The ways in which the states work together to advocate for Texas’ ban before the conservative judges of the Fifth Circuit are important. Paxton takes the firm line of arguing for raw state power here—both to ban abortion and to be insulated from judicial review in its decision to do so. That frees up Landry to appeal to discuss all the other difficult decisions states face in managing the COVID-19 outbreak.

“In the COVID-19 crisis, governors are making extremely difficult choices, with far-reaching consequence,” the amicus brief states. 

Closing schools burdens parents who have to stay home with their children and experience lost leave time, income, and potentially their jobs. Graduations, bar exams, and criminal trials are on hold. Medical testing, housing, and treatment of individual in prisons, nursing homes, juvenile facilities, and foster homes must be considered. Some cities will receive floating Navy hospitals and in New Orleans, a field hospital is being set up in a convention center to address the expected shortage of hospital beds. At the same time, state first responders are becoming ill. The shutdown of businesses leads to unemployment. The homeless must be evaluated, housed, tested, and treated. School lunches must be distributed so school children can eat.

Louisiana identifies a lot of difficult decisions for states to navigate in responding to COVID-19. None of these difficult decisions Paxton or Abbott have made, by the way—Texas remains one of a handful of states without a stay-at-home order as part of its response to the COVID-19 outbreak. 

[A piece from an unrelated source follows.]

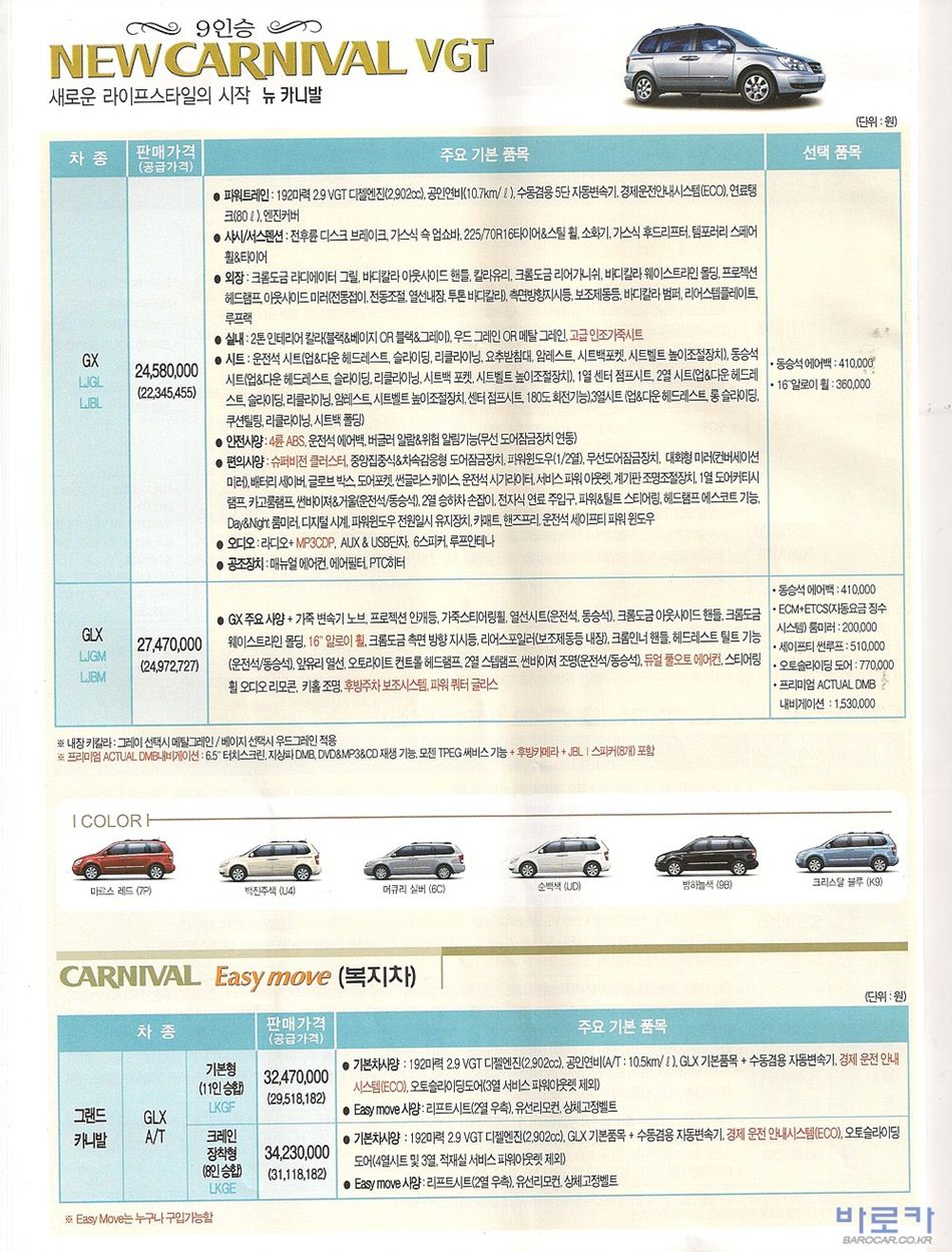 2009년 10월 그랜드카니발 / 뉴카니발 신차가격표

If conservative lawmakers were really concerned with effectively addressing the worst public health crisis this country has faced in at least a generation, they would drop this latest attack on abortion rights, they would rescind the legal challenge to the Affordable Care Act (ACA) pending before the Supreme Court, and they would ease the myriad of barriers already in place for accessing abortion care.

Instead, Republicans are doing what they always do: exploiting a moment of crisis for political gain. Louisiana’s brief opens by citing the possibility of 2 million people dying in this country from COVID-19 without a hint of irony. There’s no mention of the Mardi Gras festivities that continued in the face of the spreading threat. There’s not a word of the ongoing conservative attacks on the ACA and exacerbating the effect those attacks have on the public health crisis. 

Ultimately, what is so dangerous about the COVID-19 fight and abortion is that like the virus itself: It has happened in this country at exactly the worst time. Republicans have spent the past three years stacking the federal courts with ideologues willing to entrain any bad faith argument designed to overturn Roe. And conservatives have found a whole new crop of bad faith arguments in the COVID-19 pandemic to do so.